The child of fervently puritanical parents and driven by her abolitionist beliefs to write "Uncle Tom's Cabin," Stowe created an incredibly successful and influential novel although she had no firsthand knowledge of her subject. It was serialized in the National Era in 1851, in the year before it appeared in book form.
Stowe was convinced that all slaveholders were brutish oppressors (as some undoubtedly were), but what would she have made of Mary Boykin Miller, who as a young girl taught slaves on two plantations to read and write although this was strictly forbidden in South Carolina? Both she and the man she married were opposed to slavery.
In every regard, Mary Chesnut, as she became, was a remarkable woman. On the one hand a witty and popular gossip, she was on the other shrewd, perceptive, lacking in illusions and capable of writing a highly personal work the like of which, at a time of uncertainty and danger, had never appeared before, nor has again.
Hardly likely to revise her beliefs, Stowe probably would have dismissed Mary as an irrelevance, an aberration of the plantocracy.
Mary was born March 31, 1823, at Pleasant Hill, a plantation near Camden, but grew up on Plane Hill, another one, near Statesburg. She was the first child of Stephen Decatur Miller, for a time governor of South Carolina, and the former Mary Boykin, who was 19 when her daughter was born.
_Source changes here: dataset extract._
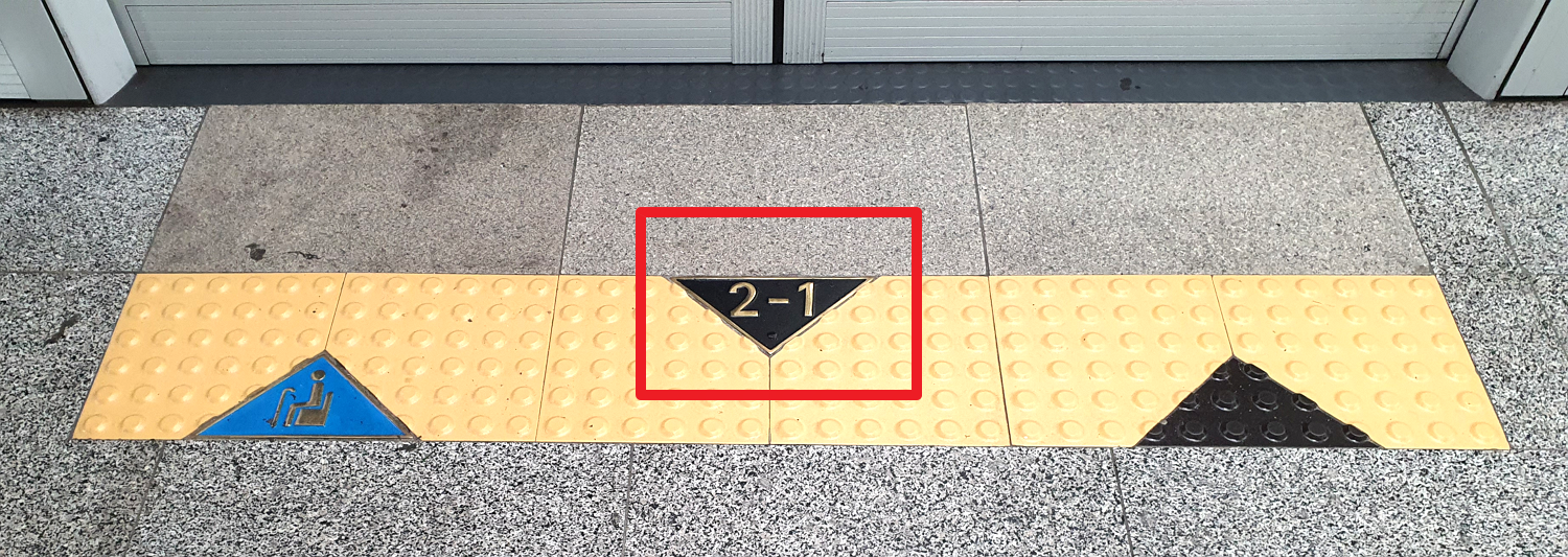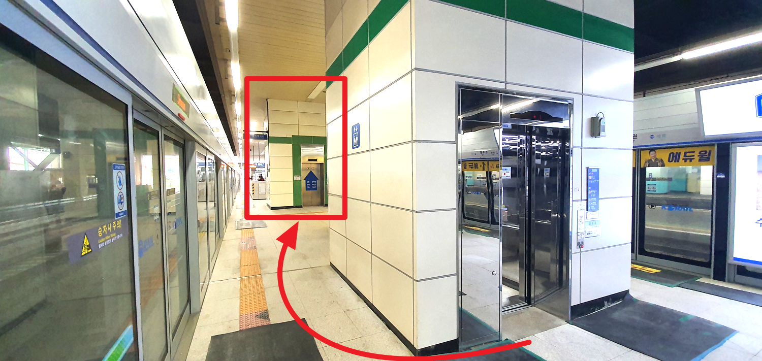 위의 사진은 다른 역의 사진이지만, 수원역에 도착하면 빨간 색 네모칸 위치에 엘리베이터 문이 있습니다. 객차 내부에서 2-1번 출입문에 찰싹 가까이 붙어 있다가 문이 열리자마자 엘리베이터로 무조건 뛰어가야합니다. 왜냐하면 이 엘리베이터를 이용하여 지상으로 올라가려는 수많은 경쟁자들이 있기 때문에(그렇지 않으면 헬루트로 에스컬레이터 여행을 해야 함) 바로 뛰어가서 줄을 섭니다.
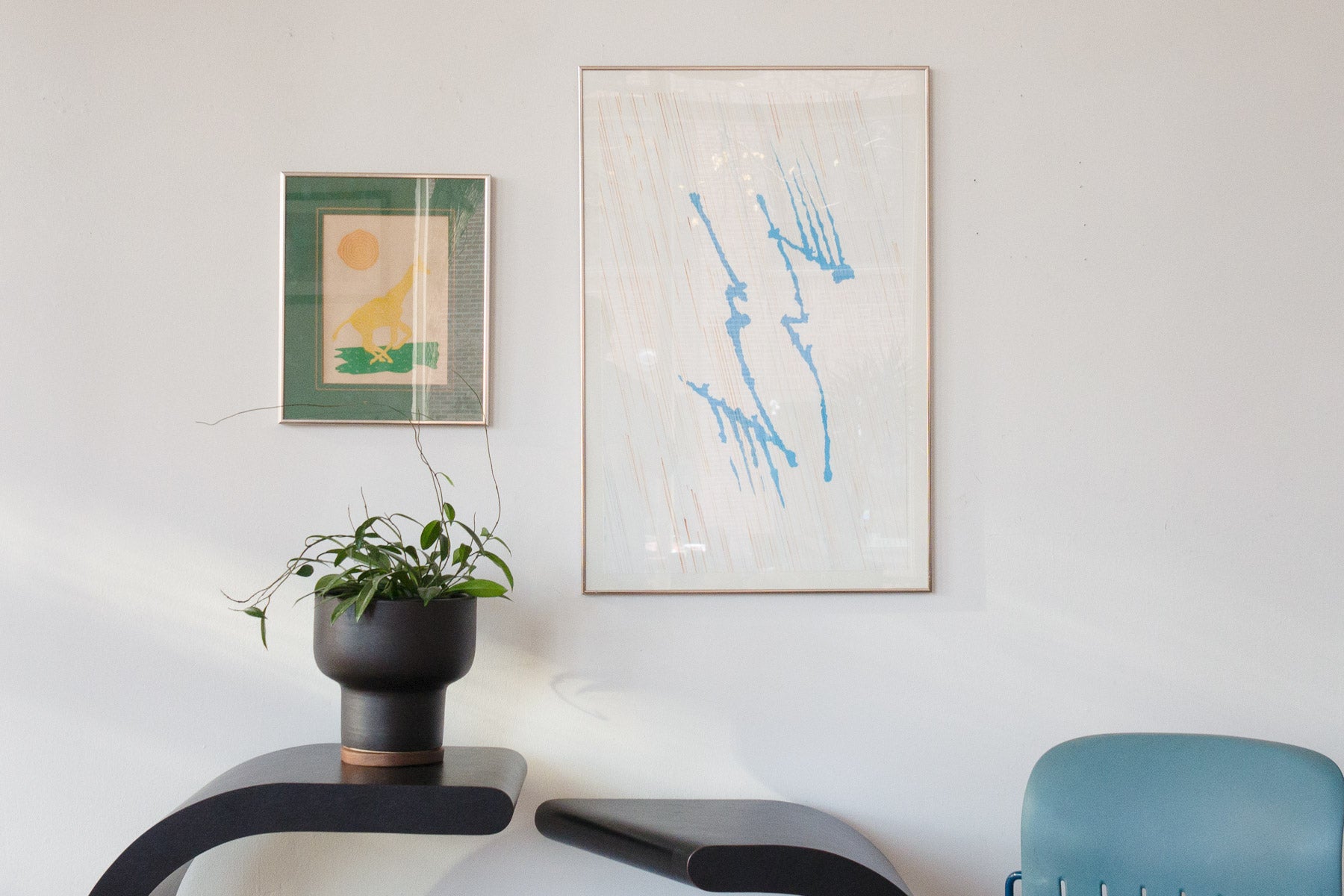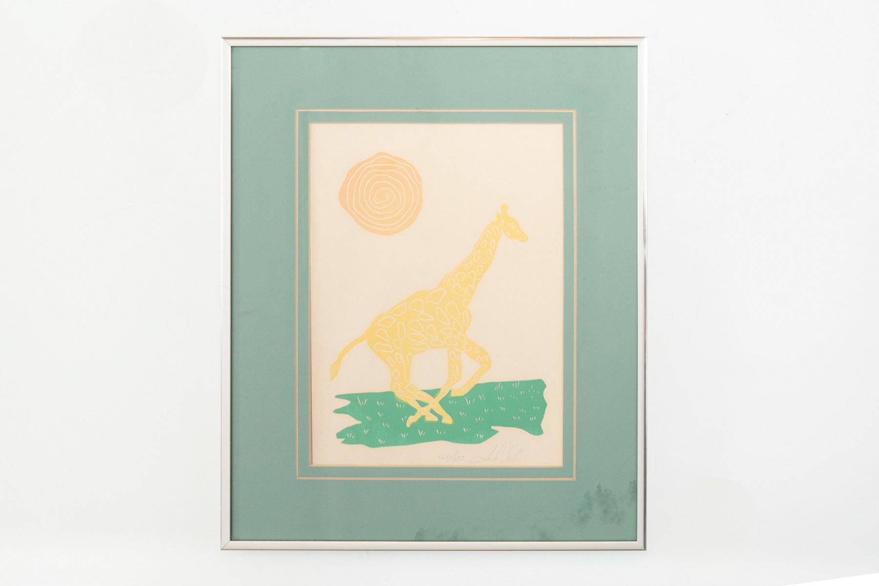 style: original, modern, framed, block screen print material: paper, paint, metal, glassage: vintagecondition: good, age related wear - see pictures

A bright youngster, Mary entered Madame Talvande's French School for Young Ladies in Charleston in 1835, and when she left in 1838, she spoke French fluently. She had been well-educated.
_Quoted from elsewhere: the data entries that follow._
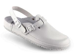 Berufsschuhe Tiefbettform Zertifiziert nach EN 20347:2004 Optimale Bodenhaftung und Komfort Fersenpolster Vollnarbiges Rindleder Flexible Einstellmöglichkeiten Rahmenverkleidung schützt das Fußbett Rutschhemmende und antistatische Spezialsohle Größe: 35-48 Farbe: weiß Preis: 1.1420.01.14 (Grösse 35-40): 53,00 € zzgl. Mwst. 1.1320.01.14 (Grösse 41-48): 56,00 € zzgl. Mwst.
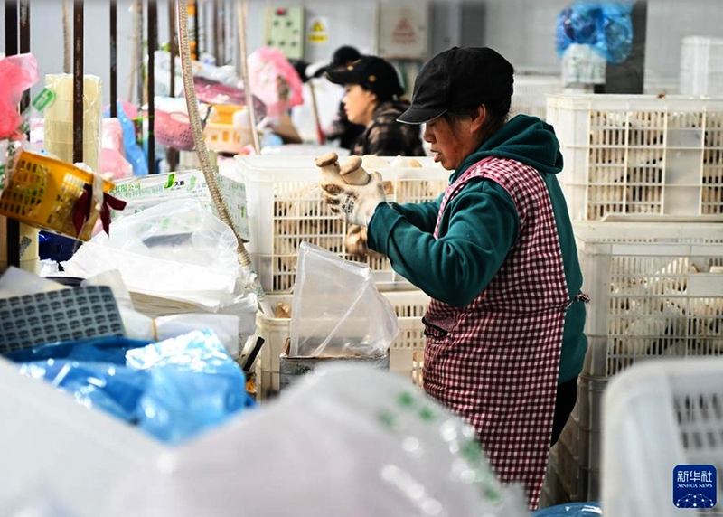 近年来,江苏省盐城市大丰区大力发展食用菌产业,培育壮大龙头企业,强化精深加工,实现工业化、标准化生产,有效带动村民就业增收。图为12月21日,在盐城市大丰区久禾生物科技发展有限公司,工人在包装杏鲍菇。新华社记者 季春鹏 摄
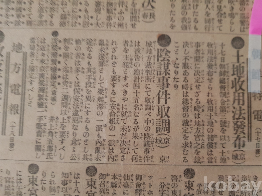 [FF7]*東京日日新聞/1911.4.19./朝鮮特電.토지수용법 발포,음모사건 취조,광량만 제염협정
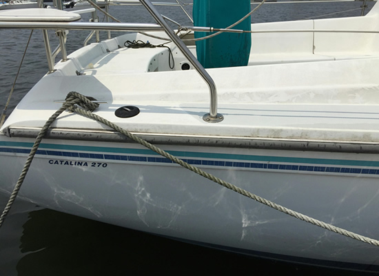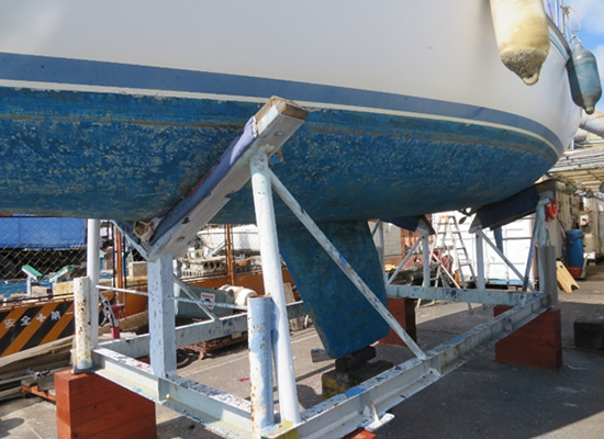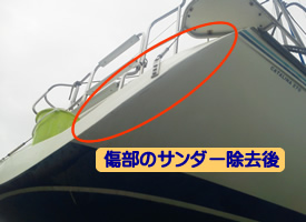 また、何故か不明であるが船尾右舷のコーナーにも傷ができていたので、ついでに上架・修繕してもらうことにした。 上架したところ、プロペラがすでに汚れているとの連絡を受けた。 当方提供のプロペラ塗料が古かったので、その防汚効果がなくなっているようだ! マリーナの提案で、マリーナのペラクリーンを使うことにした。 また、気になっていたプロペラシャフトのジンクの状態も確認でき、問題ないことがわかった。 今年は、取り替える必要はないようだ。 以下が改修点で、写真は6月19日に確認に行った時に撮影した。 @ 左右舷の船名の貼り替えと船体磨き 船名ステッカーは、当方でステッカー屋に製作依頼して、マリーナには貼り替えをお願いした。 その船名書体は、従来よりも太字で丸いものである。 水面上の船体にこびりついていた汚れがきれいに除去され、光沢が出ている。 A 船尾右舷の傷のサンダーによる除去と塗装 左右舷の状態を同じにするために左舷側もサンダー・塗装をしてくれた。 B プロペラの再塗装 写真は前の塗装を除去した後の今回の塗装の前の状態である。 プロペラシャフトのジンクが良好であることがわかる。 桟橋の不具合から生じた事故対応扱いということで、当方のマリーナが上記の補修作業を無償で実施してくれた。 感謝します。 |
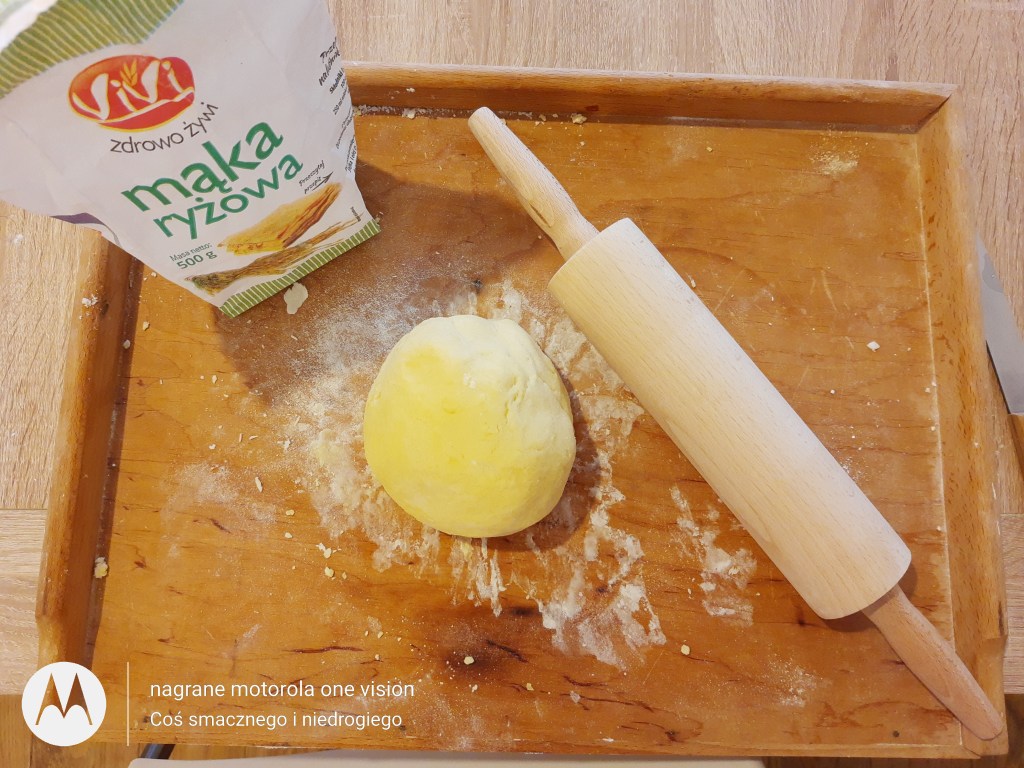 *110 g mąki ryżowej plus jeszcze sporo do posypania w czasie lepienia pierogów,
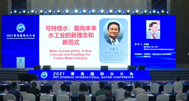 ▲國際水協(xié)會(huì)(IWA)理事、國家城市非常規(guī)水資源開發(fā)利用國際科技合作基地主任王曉昌作主題為《可持續(xù)水:面向未來水工業(yè)的新理念和新范式》的分享

She was just 17 when in 1840 she married James Chesnut Jr., the son of wealthy parents, and settled at Mulberry, a luxurious plantation home where all the Chesnuts resided. Taking little or no part in the running of the plantation but sometimes acting as a hostess, Mary seems to have been contented enough.
James served first in the state legislature and then in 1855 became a U.S. senator. By nature gregarious, if at time capable of caustic comment, Mary had a well-attended salon in Washington. She became and remained a close friend of Varina Davis, future first lady of the Confederacy, although at first the two women did not get on well.
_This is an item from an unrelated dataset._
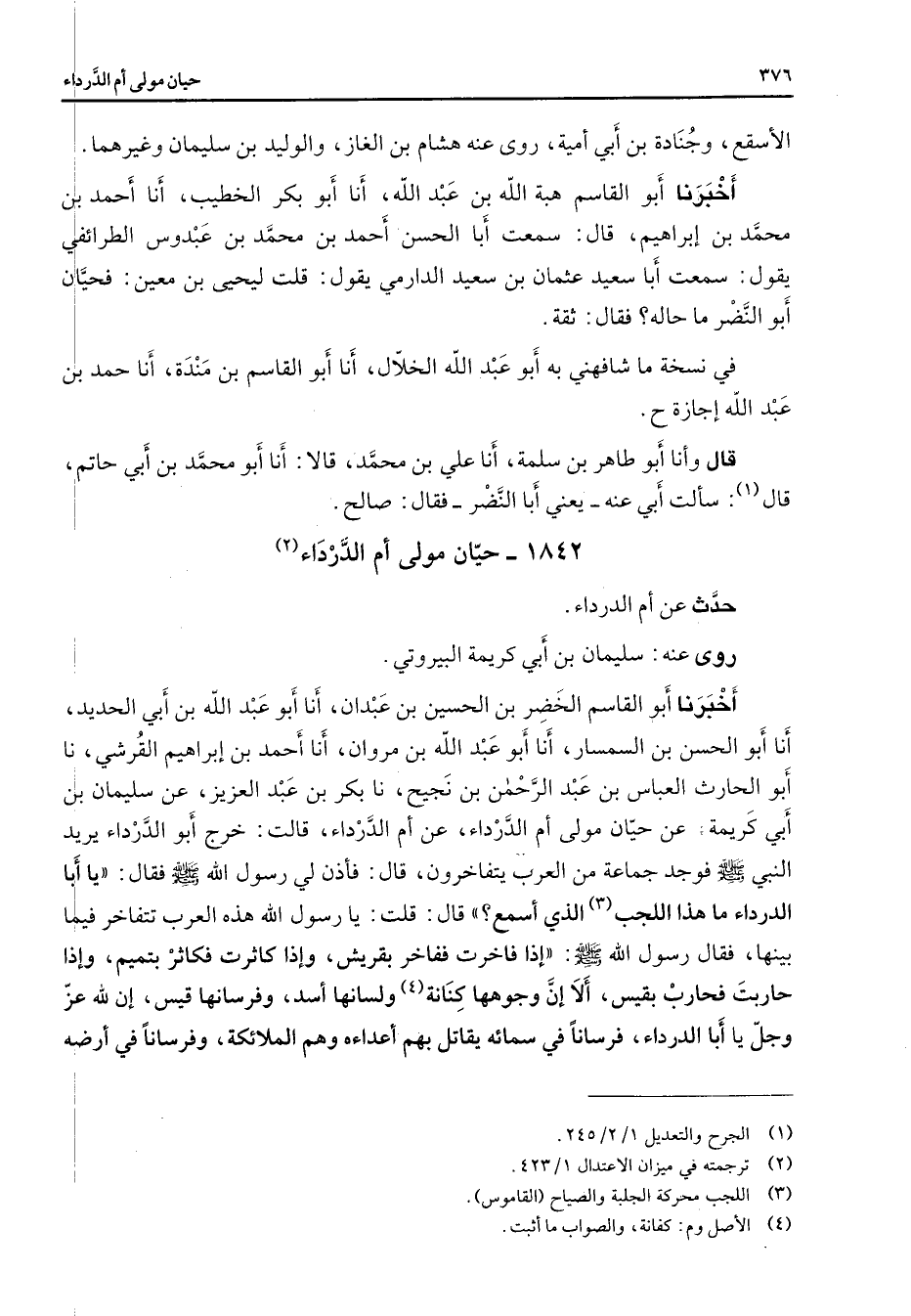 1842 - حيان مولى أم الدرداء (2) حدث عن أم الدرداء روى عنه سليمان بن أبي كريمة البيروتي أخبرنا أبو القاسم الخضر بن الحسين بن عبدان أنا أبو عبد الله بن أبي الحديد أنا أبو الحسن بن السمسار أنا أبو عبد الله بن مروان أنا أحمد بن إبراهيم القرشي نا أبو الحارث العباس بن عبد الرحمن بن نجيح نا بكر بن عبد العزيز عن سليمان بن أبي كريمة عن حيان مولى أم الدرداء عن أم الدرداء قالت خرج أبو الدرداء يريد النبي (صلى الله عليه وسلم) فوجد جماعة من العرب يتفاخرون قال فأذن لي رسول الله (صلى الله عليه وسلم) فقال يا أبا الدرداء ما هذا اللجب (3) الذي أسمع قال قلت يا رسول الله هذه العرب تتفاخر فيما بينها فقال رسول الله (صلى الله عليه وسلم) إذا فاخرت ففاخر بقريش وإذا كاثرت فكاثر بتميم وإذا حاربت فحارب بقيس ألا إن وجوهها كنانة (4) ولسانها أسد وفرسانها قيس إن لله عز وجل يا أبا الدرداء فرسانا في سمائه يقاتل بهم أعداءه وهم الملائكة وفرسانا في أرضه

Then came secession. James Chestnut resigned, and back they went to Mulberry before moving to Montgomery and then to Richmond after Virginia left the Union. The Chesnuts' marriage was childless; perhaps that was just as well, considering what was to befall them.
Mary never lost her distaste of slavery. As a child on her paternal grandparents' plantation, she had rescued a slave there from illiteracy with her grandmother's consent. It was an establishment where slaves were treated humanely. She again broke the law at Mulberry, also with family permission, by teaching other slaves to read and write.